### Dataset records ###

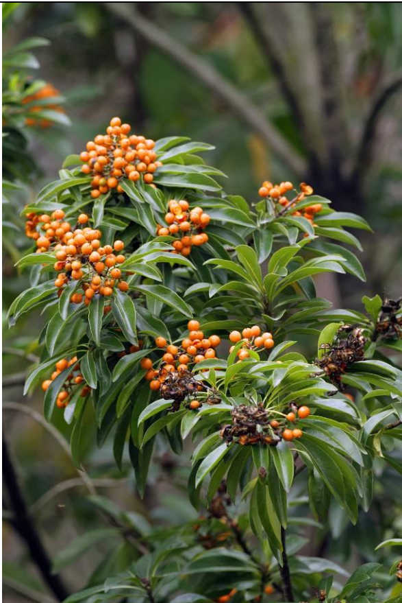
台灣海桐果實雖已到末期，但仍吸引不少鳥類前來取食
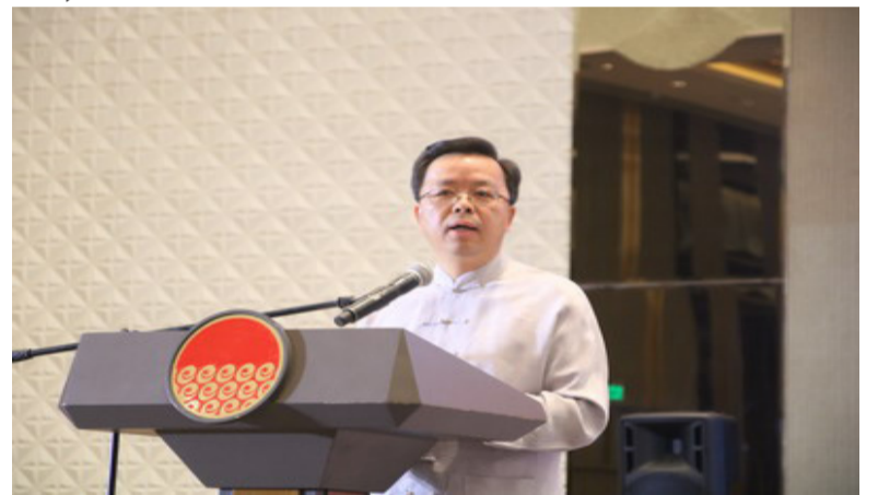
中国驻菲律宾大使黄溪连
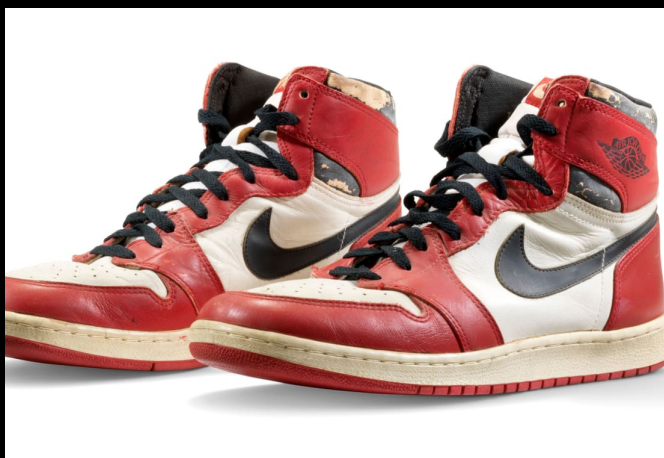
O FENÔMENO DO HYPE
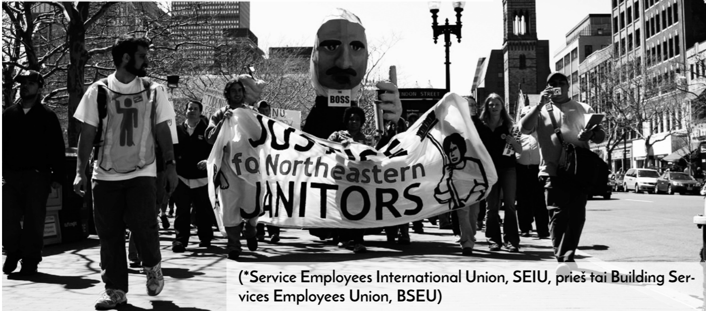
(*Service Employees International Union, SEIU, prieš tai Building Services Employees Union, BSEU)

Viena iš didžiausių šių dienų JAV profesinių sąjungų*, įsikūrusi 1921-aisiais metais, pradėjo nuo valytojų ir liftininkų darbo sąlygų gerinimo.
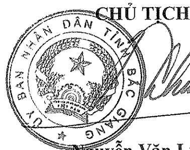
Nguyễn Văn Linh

###

### What is required
Without the pictures, retype all of the data above exactly.

### Solved problem
台灣海桐果實雖已到末期，但仍吸引不少鳥類前來取食
中国驻菲律宾大使黄溪连
O FENÔMENO DO HYPE
(*Service Employees International Union, SEIU, prieš tai Building Services Employees Union, BSEU)

Viena iš didžiausių šių dienų JAV profesinių sąjungų*, įsikūrusi 1921-aisiais metais, pradėjo nuo valytojų ir liftininkų darbo sąlygų gerinimo.
Nguyễn Văn Linh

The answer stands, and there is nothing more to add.